Most of the informatin you seek can be found in the Adv. User Guide Chapter 4: Policy Enforcement.

Please keep in mind that these are only a few basic suggestions and my vary greatly depending on your actual wants and needs!

Do most people use each data port as a separate interface and if a NIC goes down, fail over to another box?

Highly depends on the environment and the requirements we need to meet. Usually the "fail-over" is done by DNS anyhow, since the clustering for the Ironports really is only a config-cluster anyhow that doesn't do much more than exchange the running configs between the different members.

NIC Pairing we usually use in those environments where any sort of HA functionality is a MUST and any downtime spawns unwanted questions. But we don't mind switching it on in other scenarios either.

Torsten

1) One Incoming IP interface, one Incoming Listener (Port 25)
2) One Ougoing IP interface, one Outgoing Listener (Port 25)
3) One Encryption IP interface, two Listeners (In Port 25, Out Port 8025)
4) One Management IP interface running all the management services (ssh, ftp, https)

We have the C350 so I do not think we have that extra port for #3 to be set up. I am going to plan on splitting the pairing into two interfaces and having one be inbound (Public) and the other be outbound (Private) and create message filters to route the emails to their different destinations before IronPort has a chance to process them to send them on their final destination.

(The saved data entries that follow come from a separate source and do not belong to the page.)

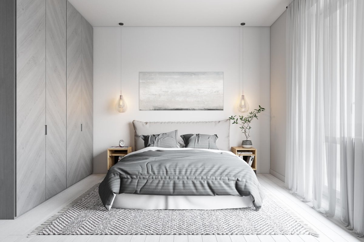 53. Спальня в серо белых тонах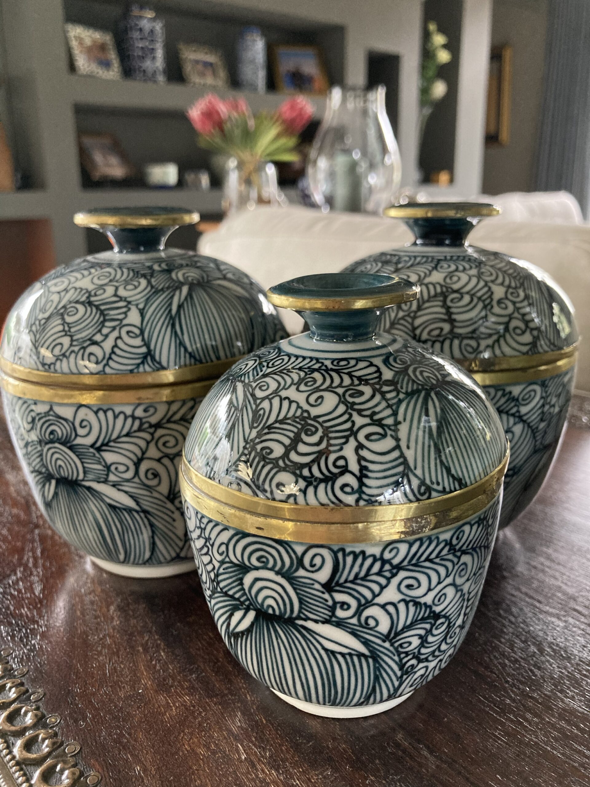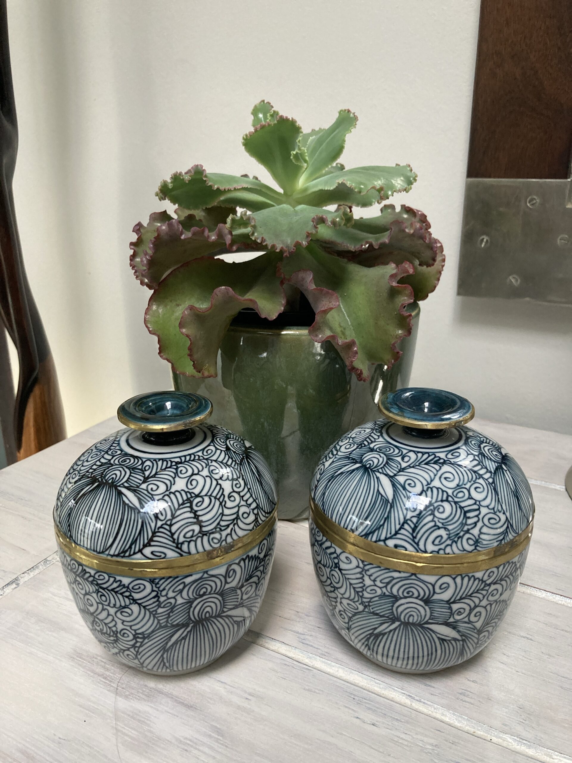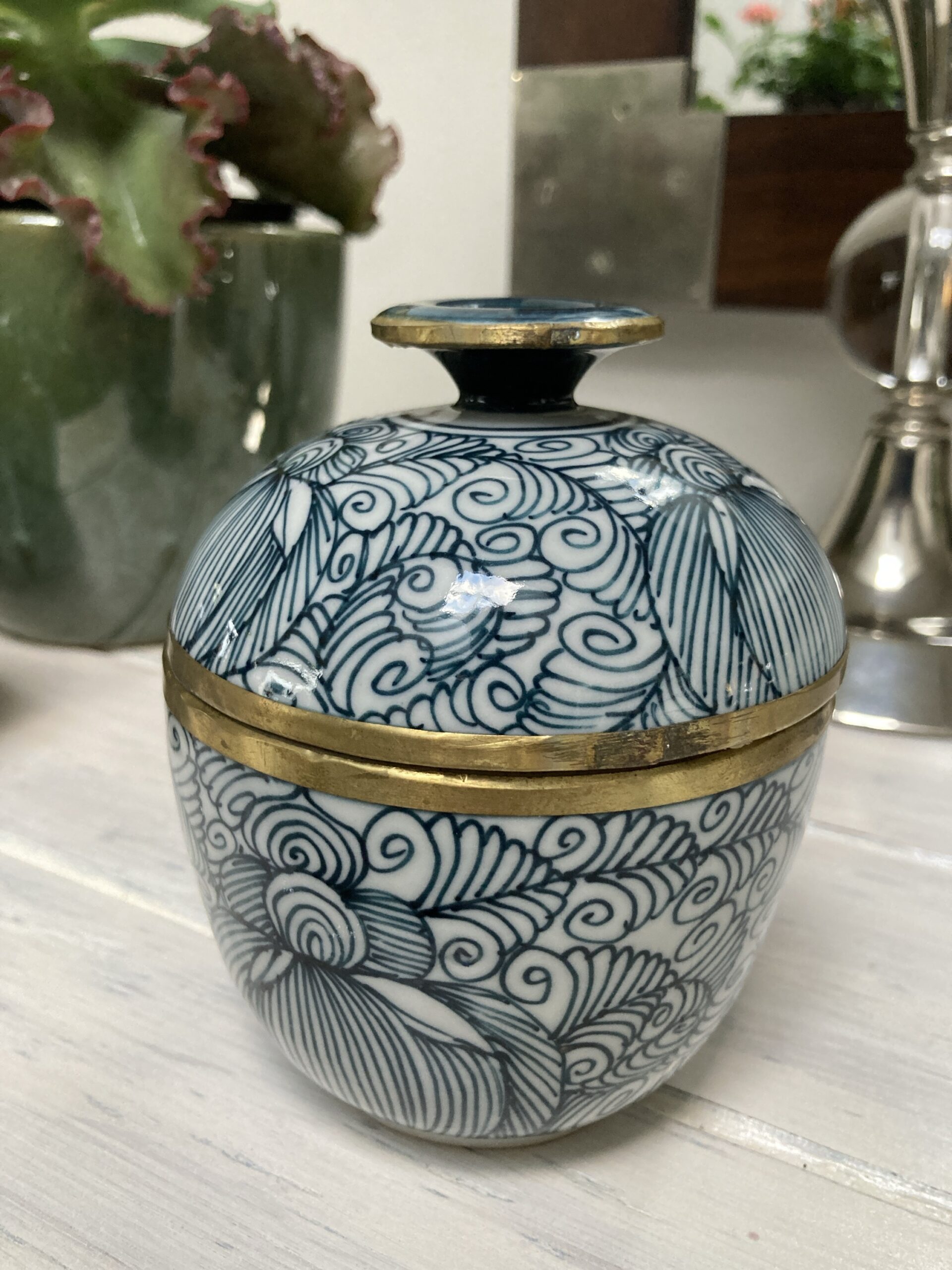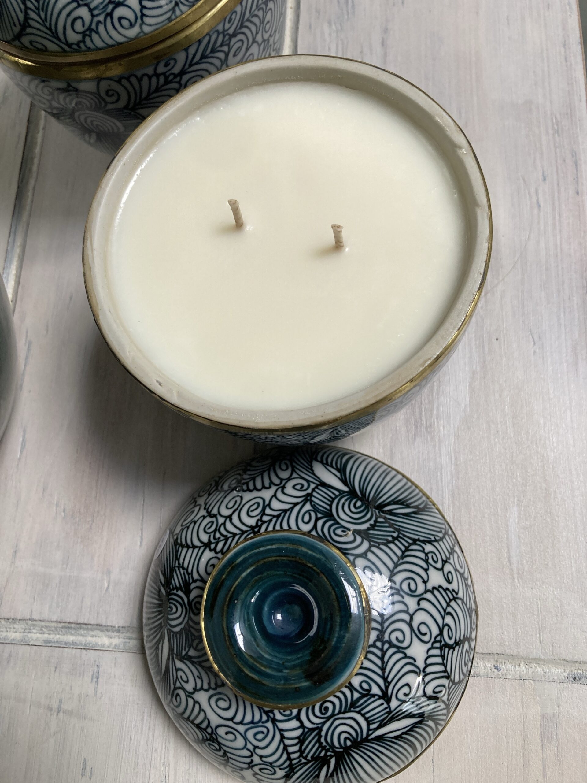 315gms pure soy wax hand poured into one of our exclusive range of handmade ceramics. This stunning jar is dark charcoal green and white with a metal trim and is 125mm high and 100mm wide.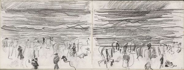 Isaac Israels created this sketch titled 'Figures on the Beach', now held at the Rijksmuseum. The drawing, rendered in rapid strokes of graphite, presents a fleeting impression of people and dogs at the seashore. Israels's sketch embodies a certain artistic freedom. The figures, though identifiable, are not meticulously detailed. Instead, the artist captures the essence of their forms and movements with an economy of line. Note how the composition focuses on the interplay between the figures and the open space of the beach. The horizon line sits high, compressing the scene and emphasizing the figures' relationship to one another. The brisk lines and spatial dynamics within the sketch reflect a modernist sensibility. Israels isn't simply representing a scene; he's exploring the very act of seeing and representing, challenging traditional notions of form. This piece invites us to consider how art engages with the world and transforms it through the artist's unique perspective.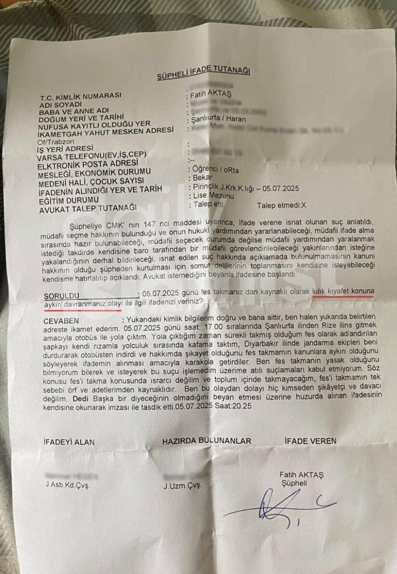 Şanlıurfa’dan Rize’ye otobüsle seyahat eden Fatih Aktaş isimli bir genç yolculuk sırasında başına fes takınca başka bir yolcu tarafından şikayet edildi.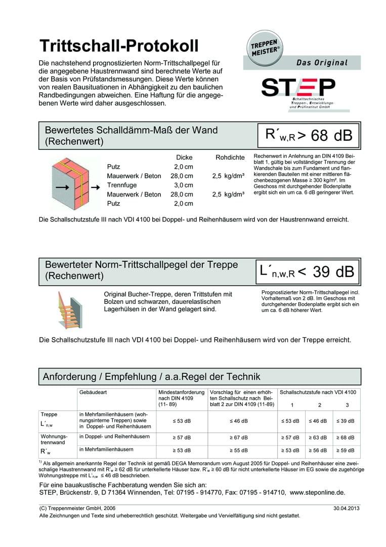 - Lassen Sie sich von Ihrem Treppenlieferanten nachweisen, welchen Trittschall Sie aufgrund der in Ihrem Haus vorgesehenen Trennwände erzielen werden zum Beispiel durch ein Trittschallprotokoll.
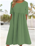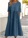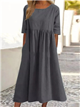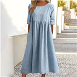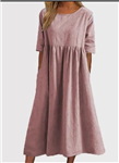 Bavlněné Maxi šaty s výstřihem do V a dlouhým rukávem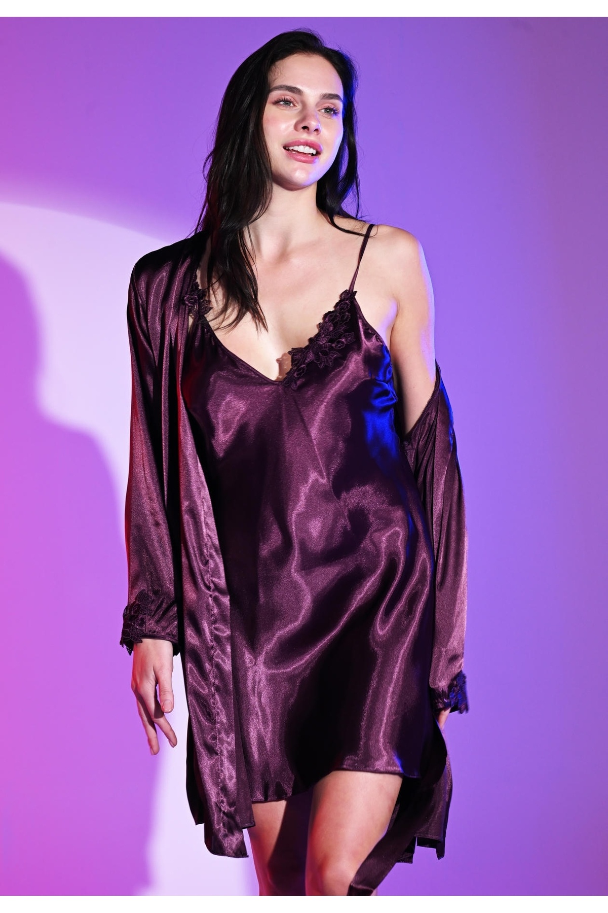 Yeni Sezon Premium Bordo Saten Dantelli Kısa Gecelik Ve Sabahlık Takımı Yeni Sezon Premium Bordo Saten Dantelli Kısa Gecelik Ve Sabahlık Takımı VS7807 XL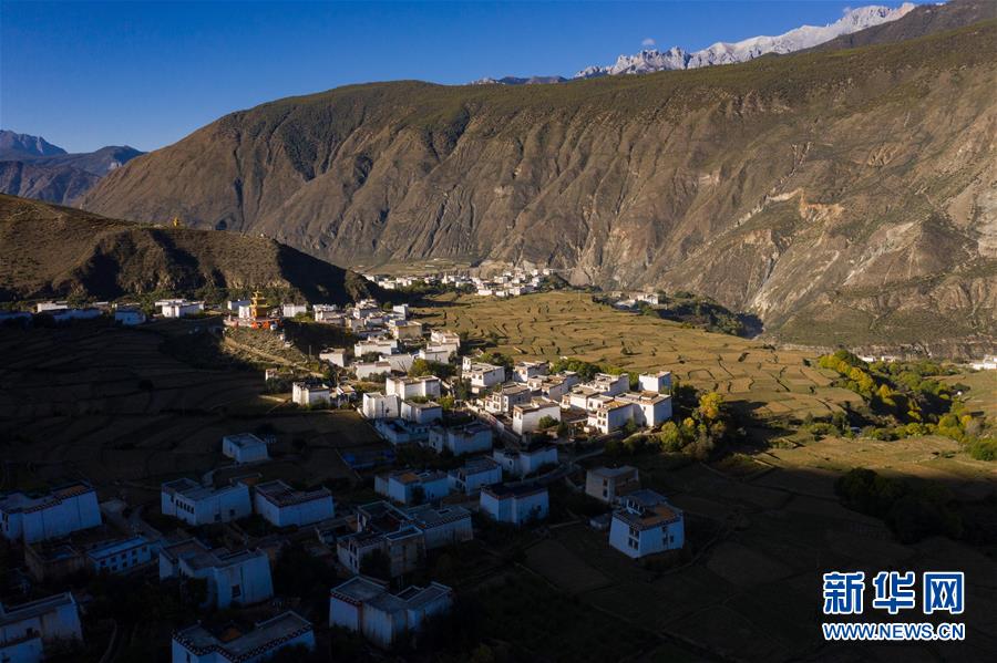 10月29日無(wú)人機(jī)拍攝的鄉(xiāng)城縣青麥鄉(xiāng)南吾村藏鄉(xiāng)田園風(fēng)光。新華社記者江宏景攝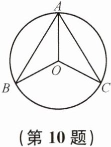 10. 如图,已知AB、AC是⊙O的两条弦,且AB= AC,∠BOC= 110°. 求∠BAO的度数.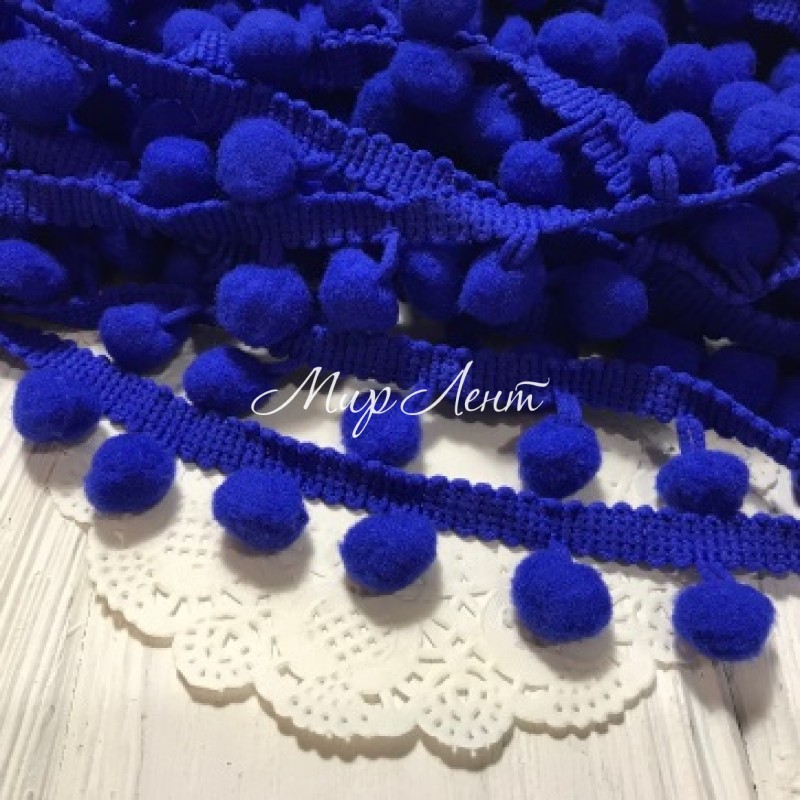 Тесьма помпончики, 1,1 см, темно-синий, моток 20 ярдов (18,5 м)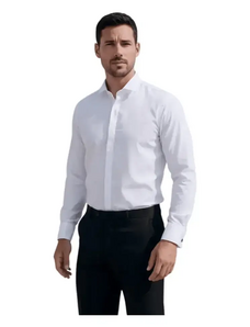 Camicia slim fit bianca con colletto diviso e polsini da moschettiere Uomo Yves Enzo Paris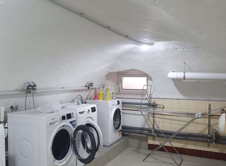 Im Keller befindet sich ein Waschmaschinenraum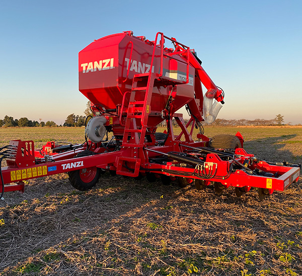 La Sembradora TANZI Tigon Air Drill es una sembradora de alto rendimiento diseñada para siembra directa de granos finos, soja a chorrillo y pasturas, equipada con abresurcos monodisco robustos que aseguran copiado uniforme del terreno y mínimo mantenimiento.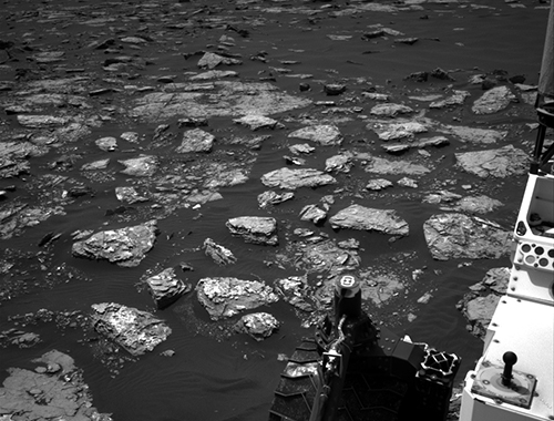 Около года назад «Кьюриосити» столкнулся с другой проблемой: моторчик, открывающий камеру для собранных образцов, вышел из строя. Фотография, сделанная с помощью навигационной камеры «Кьюриосити» 2 декабря, через день, когда бур отказался работать «Проблема действительно была, однако недавно была решена», — сказал один из участников программы «Кьюриосити» Ашвин Васадава на конференции Американского геофизического союза, встреча которого проходила на прошлой неделе.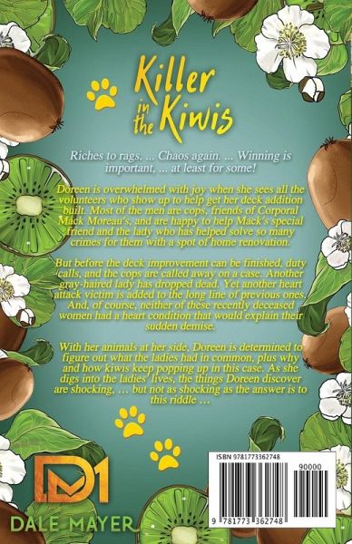 Riches to rags. ... Chaos again. ... Winning is important, ... at least for some! Doreen is overwhelmed with joy when she sees all the volunteers who show up to help get her deck addition built. Most of the men are cops, friends of Corporal Mack Moreau's, and are happy to help Mack's special friend and the lady who has helped solve so many crimes for them with a spot of home renovation. But before the deck improvement can be finished, duty calls, and the cops are called away on a case. Another gray-haired lady has dropped dead. Yet another heart attack victim is added to the long line of previous ones. And, of course, neither of these recently deceased women had a heart condition that would explain their sudden demise. With her animals at her side, Doreen is determined to figure out what the ladies had in common, plus why and how kiwis keep popping up in this case. As she digs into the ladies' lives, the things Doreen discover are shocking, ... but not as shocking as the answer is to this riddle ...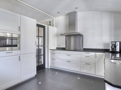 Aan de achterzijde ligt de ruime leefkeuken met donkere tegelvloer, volop kastruimte en moderne inbouwapparatuur zoals een inductiekookplaat, oven, koel-vriescombinatie en afzuigkap. Openslaande deuren leiden naar de zonnige, fraai aangelegde tuin.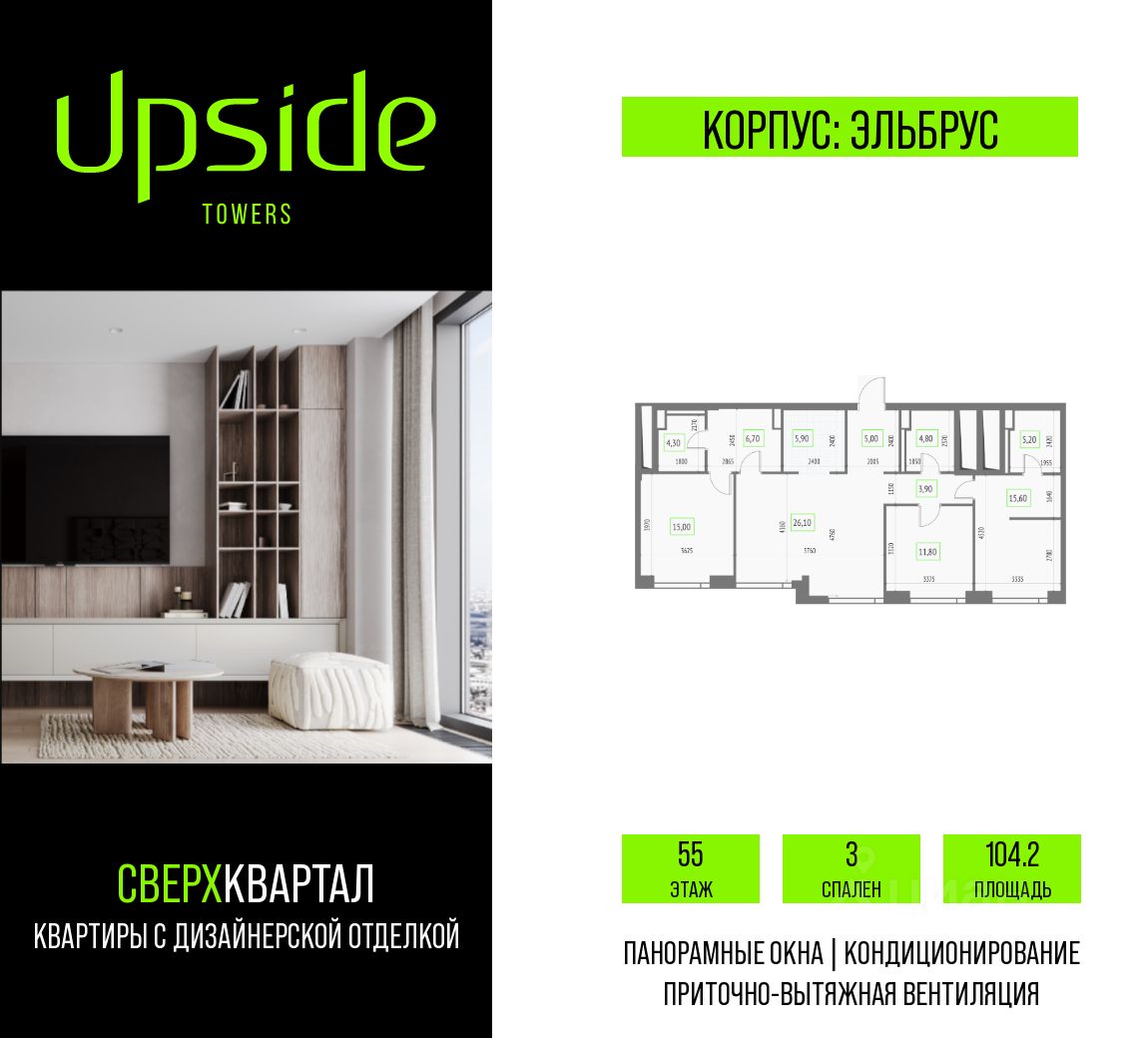 Upside Towers - технологичный квартал строится в динамично развивающемся Бутырском районе, в 3 мин. от метро, в 5 мин. от ТТК. На территории 7 га возводится 5 высотных башен от 19 до 58 этажей, названных в честь главных вершин земли. Квартиры с панорамными окнами в пол, высокими потолками и современными инженерными решениями. Благоустроенная зеленая территория включает: приватные дворы, природный комплекс, прогулочный бульвар, ландшафтный парк 2,5 га с сенсорным садом и многофункциональными игровыми и спортивными площадками.

How would #3 be used in any case? Would this be the interface to send to PGP in your scenerio?

Zeff Wheelock

You need to be careful when you are talking about interfaces.

The C350 has, by default, 3 physical interfaces. Data1, Data2, Management.

But there are also LOGICAL IP interfaces that are technically in no way limited, only by "license". On the C150 for example you can have a maximum of 4 IP interfaces. I am note sure about the C350/C650. I think it used to be something like 16/32 or 32/64, but I am not 100% sure anymore and too lazy to look it up.

Now what you want to do is:

1) Set up NIC Pairing on the device (through the CLI) and name your pair PAIR01. Hook up both NICs to your switch(es).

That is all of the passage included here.